═════ Data excerpts
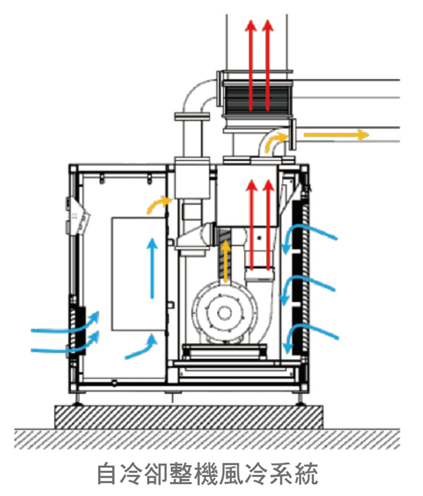 ● 電機同軸風冷,無需外部冷卻風扇,簡單可靠。
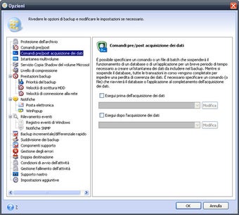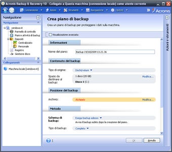 Potrai pianificare attività di backup e ripristino nel tempo, eseguirle automatico in base a degli eventi e programmare comandi da eseguire prima e dopo l'acquisizione dei dati. Le immagini di sistema create possono essere salvate su specifici percorsi (includendo cartelle locali o remote, Secure Zone o server FTP).
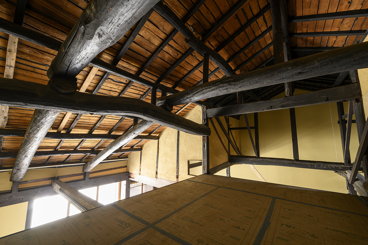 黒く太い梁が、何本も交差し、空間全体を支えています。
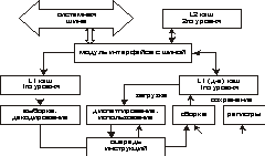 · Pentium Pro – применена технология динамического исполнения: команды декодируются 3мя декодерами на микрооперации и обрабатываются пятью модулями: 2 для работы с целыми, 2 – с плавающей точкой, 1 — интерфейс с памятью (вычисление адресов). Появился кэш 2го уровня 256 Кб. Кэш 1го уровня стал 2х входовым. Кэш 2-уровня поддерживает до 4-х адресов.
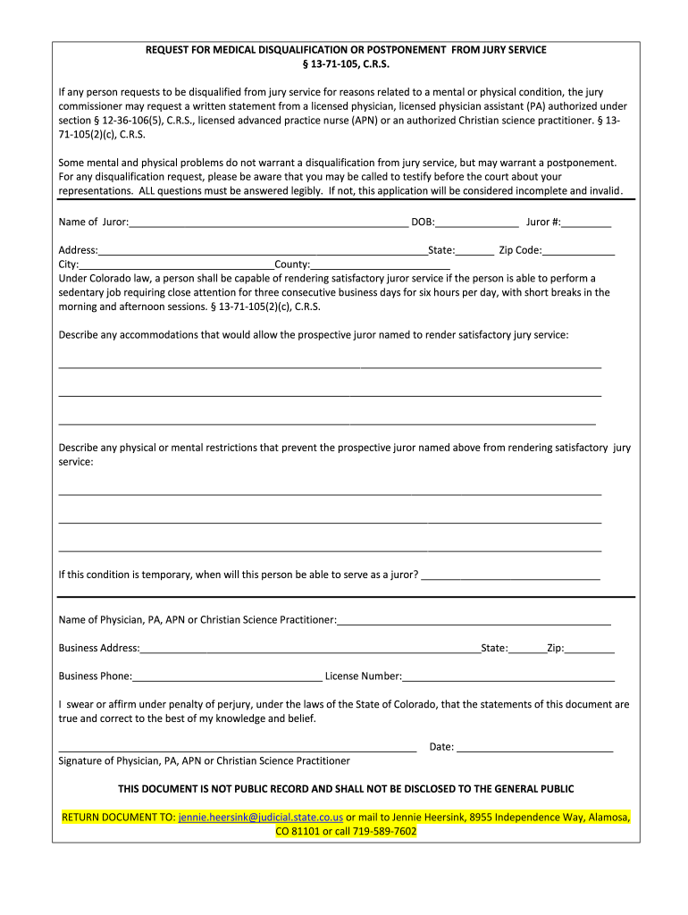 REQUEST FOR MEDICAL DISQUALIFICATION OR POSTPONEMENT FROM JURY SERVICE 1371105, C.R.S. If any person requests to be disqualified from jury service for reasons related to a mental or physical condition,
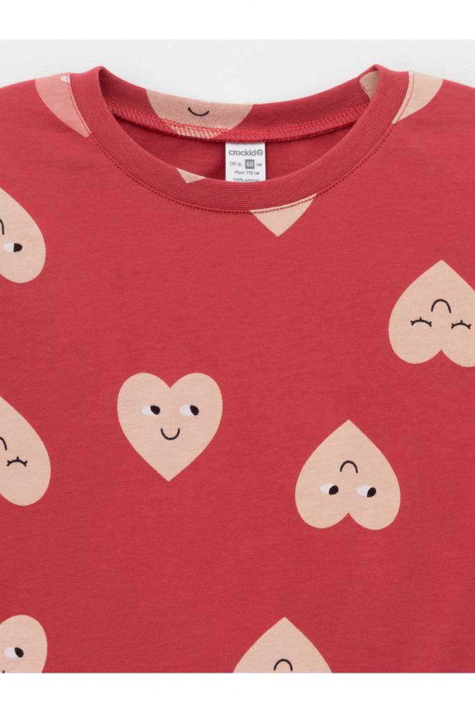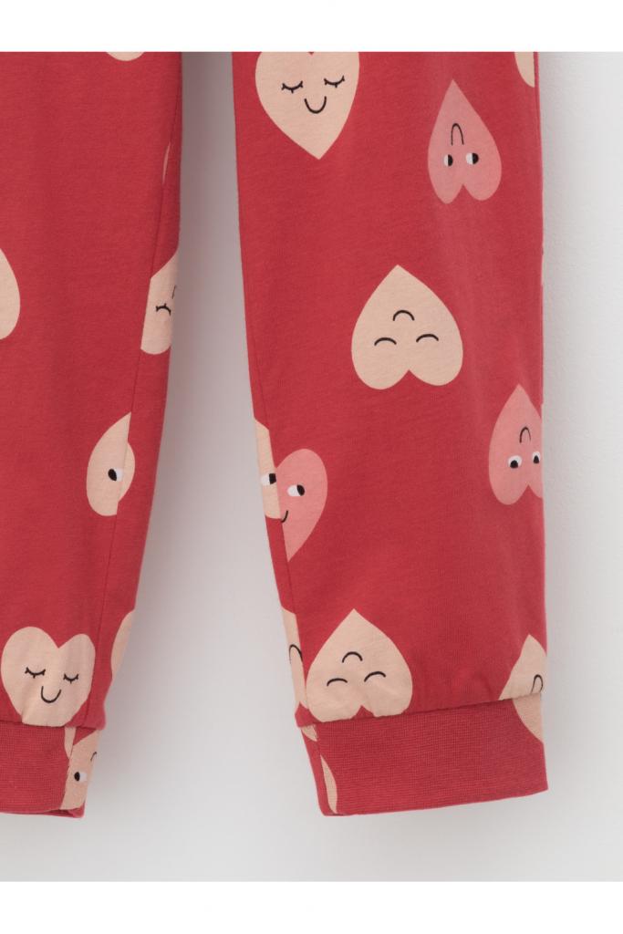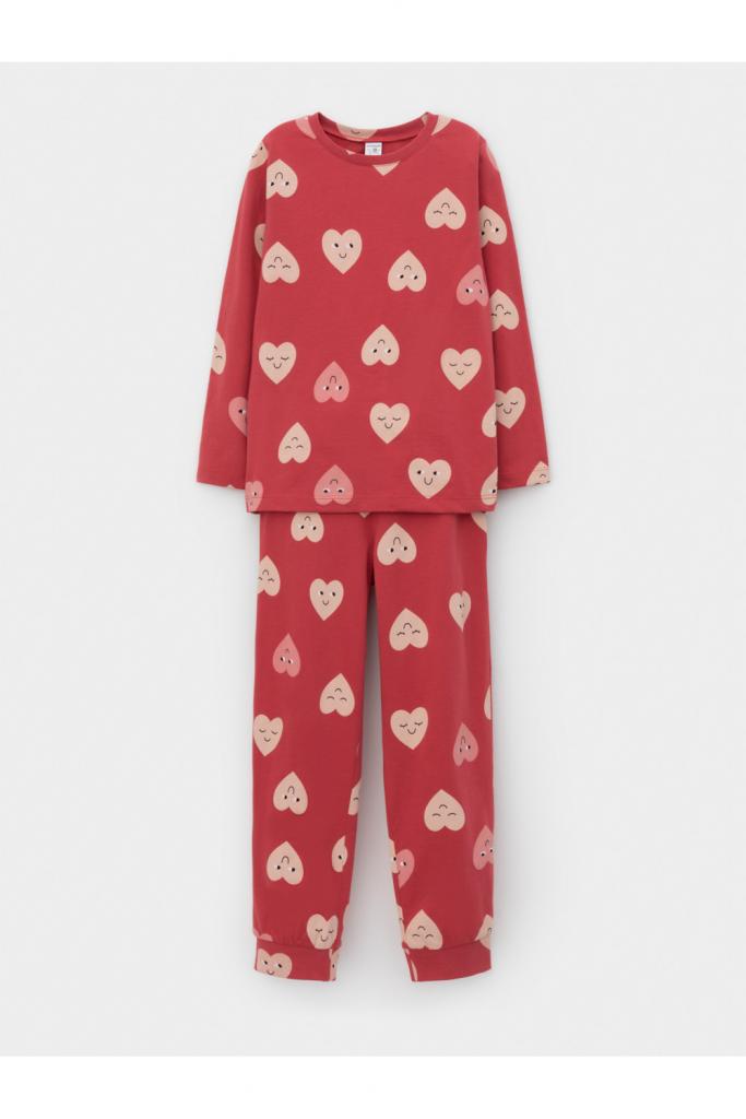 Пижама для девочки из натурального хлопка. Джемпер с длинными втачными рукавами и брюки с эластичной резинкой в поясе. Мягкие манжеты по низу брюк сделаны из материала в рубчик. Оригинальная набивка выполнена из стойких текстильных гипоаллергенных красителей. Изделие сохраняет цвет и форму после многократных стирок. Все трикотажные полотна производятся в соответствии с нормами швейцарского сертификата ЭкоТекс.
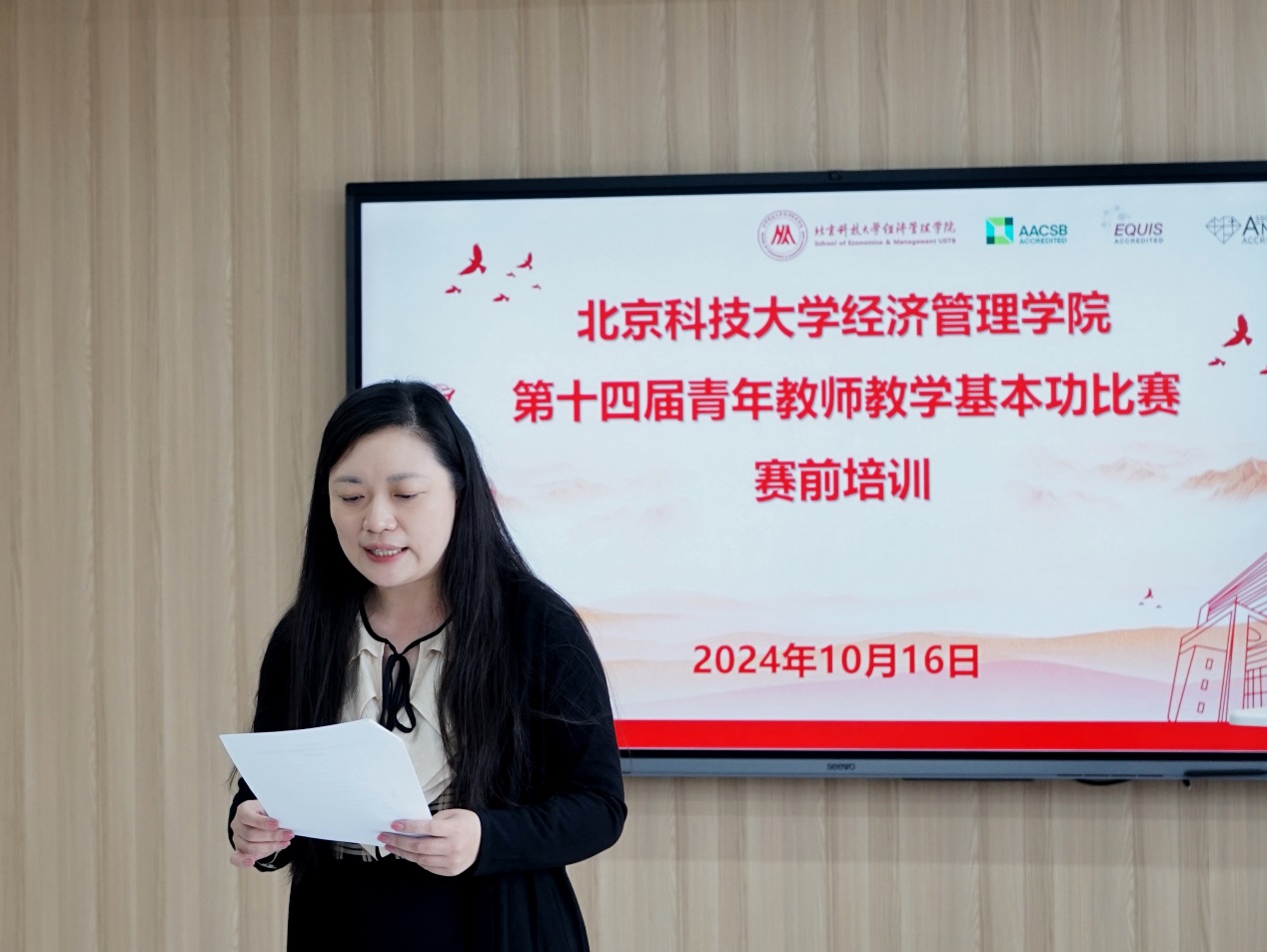 高昂老师作为2023年北京高校第十三届青年教师教学基本功比赛(文科类)A组一等奖、最佳现场展示奖和最受学生欢迎奖获得者。在培训过程中,从青年教师教学基本功比赛基本情况、教学提升、课堂设计、临赛经验等方面进行主题分享,并从自己参加市青教赛的备赛经验出发,通过实际案例分析了如何在教学过程中运用现代教学理念和技术手段,能够更好地提高教学效果,为与会青年教师们准备参加比赛提供了参考借鉴。
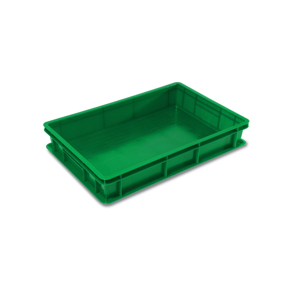 Realizzata in HDPE (polietilene ad alta densità). Sovrapponibile. Idonea al contatto con alimenti. Resistente ad urti, grassi, olii, sali alcali e umidità. Fondo e pareti chiuse per contenere alimenti solidi (es:frutta; verdura). Con spigoli arrotondati. Colorante: master atossico per alimenti. Dim. 600x400xh.100 mm. Capacità: 20 litri. QUANTITA' MINIMA ORDINABILE: 1 pezzo
══════════
_Assignment_
Each line of the data must be restated exactly, and the pictures must be left out.

_Solution_
 ● 電機同軸風冷,無需外部冷卻風扇,簡單可靠。
 Potrai pianificare attività di backup e ripristino nel tempo, eseguirle automatico in base a degli eventi e programmare comandi da eseguire prima e dopo l'acquisizione dei dati. Le immagini di sistema create possono essere salvate su specifici percorsi (includendo cartelle locali o remote, Secure Zone o server FTP).
 黒く太い梁が、何本も交差し、空間全体を支えています。
 · Pentium Pro – применена технология динамического исполнения: команды декодируются 3мя декодерами на микрооперации и обрабатываются пятью модулями: 2 для работы с целыми, 2 – с плавающей точкой, 1 — интерфейс с памятью (вычисление адресов). Появился кэш 2го уровня 256 Кб. Кэш 1го уровня стал 2х входовым. Кэш 2-уровня поддерживает до 4-х адресов.
 REQUEST FOR MEDICAL DISQUALIFICATION OR POSTPONEMENT FROM JURY SERVICE 1371105, C.R.S. If any person requests to be disqualified from jury service for reasons related to a mental or physical condition,
 Пижама для девочки из натурального хлопка. Джемпер с длинными втачными рукавами и брюки с эластичной резинкой в поясе. Мягкие манжеты по низу брюк сделаны из материала в рубчик. Оригинальная набивка выполнена из стойких текстильных гипоаллергенных красителей. Изделие сохраняет цвет и форму после многократных стирок. Все трикотажные полотна производятся в соответствии с нормами швейцарского сертификата ЭкоТекс.
 高昂老师作为2023年北京高校第十三届青年教师教学基本功比赛(文科类)A组一等奖、最佳现场展示奖和最受学生欢迎奖获得者。在培训过程中,从青年教师教学基本功比赛基本情况、教学提升、课堂设计、临赛经验等方面进行主题分享,并从自己参加市青教赛的备赛经验出发,通过实际案例分析了如何在教学过程中运用现代教学理念和技术手段,能够更好地提高教学效果,为与会青年教师们准备参加比赛提供了参考借鉴。
 Realizzata in HDPE (polietilene ad alta densità). Sovrapponibile. Idonea al contatto con alimenti. Resistente ad urti, grassi, olii, sali alcali e umidità. Fondo e pareti chiuse per contenere alimenti solidi (es:frutta; verdura). Con spigoli arrotondati. Colorante: master atossico per alimenti. Dim. 600x400xh.100 mm. Capacità: 20 litri. QUANTITA' MINIMA ORDINABILE: 1 pezzo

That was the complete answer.